Task objective
Please repeat the listing below exactly, but do not include its pictures.

Information supplied Block Start

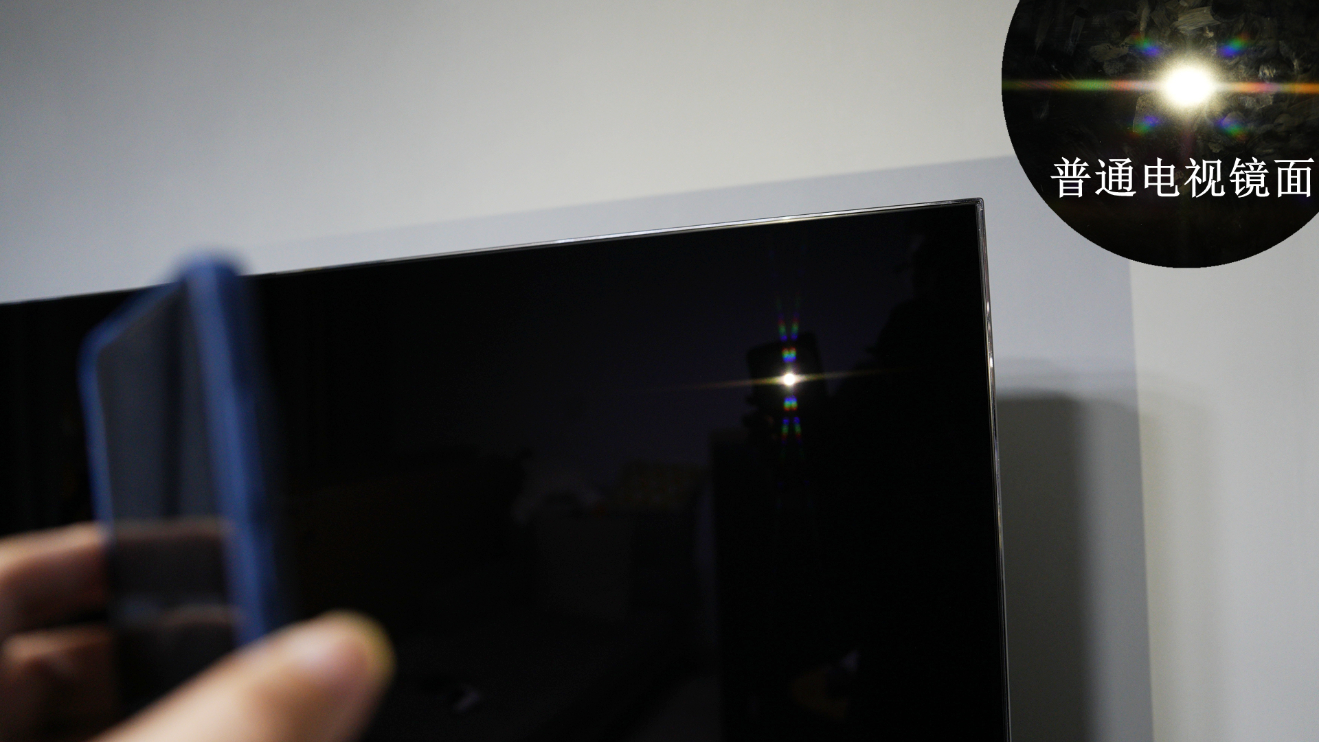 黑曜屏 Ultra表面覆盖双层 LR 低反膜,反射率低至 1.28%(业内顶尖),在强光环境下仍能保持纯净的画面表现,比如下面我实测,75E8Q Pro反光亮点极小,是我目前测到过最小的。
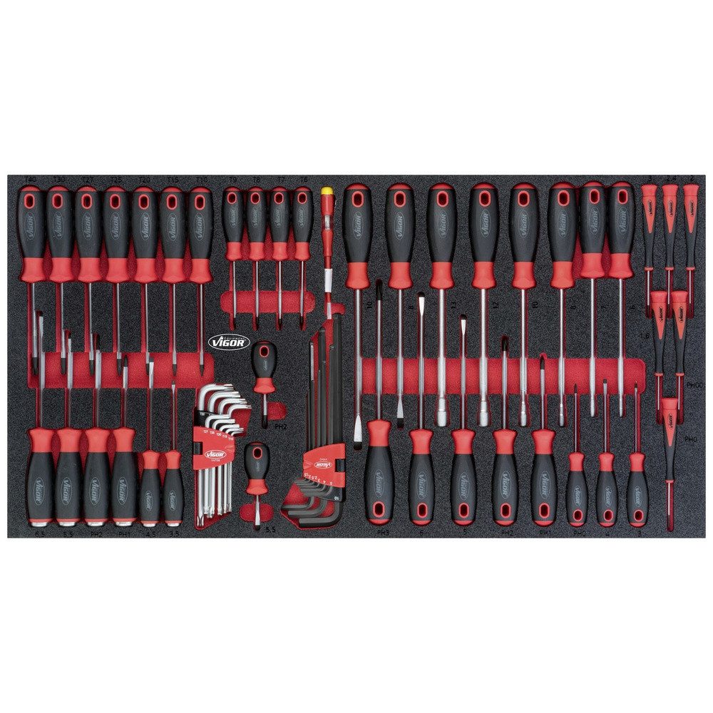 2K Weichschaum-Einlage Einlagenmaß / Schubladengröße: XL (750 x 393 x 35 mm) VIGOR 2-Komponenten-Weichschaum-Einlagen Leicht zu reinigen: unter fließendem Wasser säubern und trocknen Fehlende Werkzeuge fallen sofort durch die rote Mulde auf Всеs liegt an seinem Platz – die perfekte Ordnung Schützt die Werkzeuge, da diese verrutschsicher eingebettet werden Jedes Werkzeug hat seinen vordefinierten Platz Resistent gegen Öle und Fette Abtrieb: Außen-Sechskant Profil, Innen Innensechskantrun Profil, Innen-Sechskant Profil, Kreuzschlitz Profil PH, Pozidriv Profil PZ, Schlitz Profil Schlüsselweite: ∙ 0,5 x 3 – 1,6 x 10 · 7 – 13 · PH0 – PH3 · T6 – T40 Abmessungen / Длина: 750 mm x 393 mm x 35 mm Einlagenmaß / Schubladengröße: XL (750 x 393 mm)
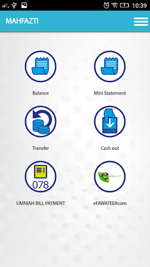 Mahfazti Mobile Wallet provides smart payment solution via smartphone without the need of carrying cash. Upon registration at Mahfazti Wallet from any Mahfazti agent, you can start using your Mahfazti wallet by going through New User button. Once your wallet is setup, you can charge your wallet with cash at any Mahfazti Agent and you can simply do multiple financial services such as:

Information supplied Block End

Solution to this problem
 黑曜屏 Ultra表面覆盖双层 LR 低反膜,反射率低至 1.28%(业内顶尖),在强光环境下仍能保持纯净的画面表现,比如下面我实测,75E8Q Pro反光亮点极小,是我目前测到过最小的。
 2K Weichschaum-Einlage Einlagenmaß / Schubladengröße: XL (750 x 393 x 35 mm) VIGOR 2-Komponenten-Weichschaum-Einlagen Leicht zu reinigen: unter fließendem Wasser säubern und trocknen Fehlende Werkzeuge fallen sofort durch die rote Mulde auf Всеs liegt an seinem Platz – die perfekte Ordnung Schützt die Werkzeuge, da diese verrutschsicher eingebettet werden Jedes Werkzeug hat seinen vordefinierten Platz Resistent gegen Öle und Fette Abtrieb: Außen-Sechskant Profil, Innen Innensechskantrun Profil, Innen-Sechskant Profil, Kreuzschlitz Profil PH, Pozidriv Profil PZ, Schlitz Profil Schlüsselweite: ∙ 0,5 x 3 – 1,6 x 10 · 7 – 13 · PH0 – PH3 · T6 – T40 Abmessungen / Длина: 750 mm x 393 mm x 35 mm Einlagenmaß / Schubladengröße: XL (750 x 393 mm)
 Mahfazti Mobile Wallet provides smart payment solution via smartphone without the need of carrying cash. Upon registration at Mahfazti Wallet from any Mahfazti agent, you can start using your Mahfazti wallet by going through New User button. Once your wallet is setup, you can charge your wallet with cash at any Mahfazti Agent and you can simply do multiple financial services such as:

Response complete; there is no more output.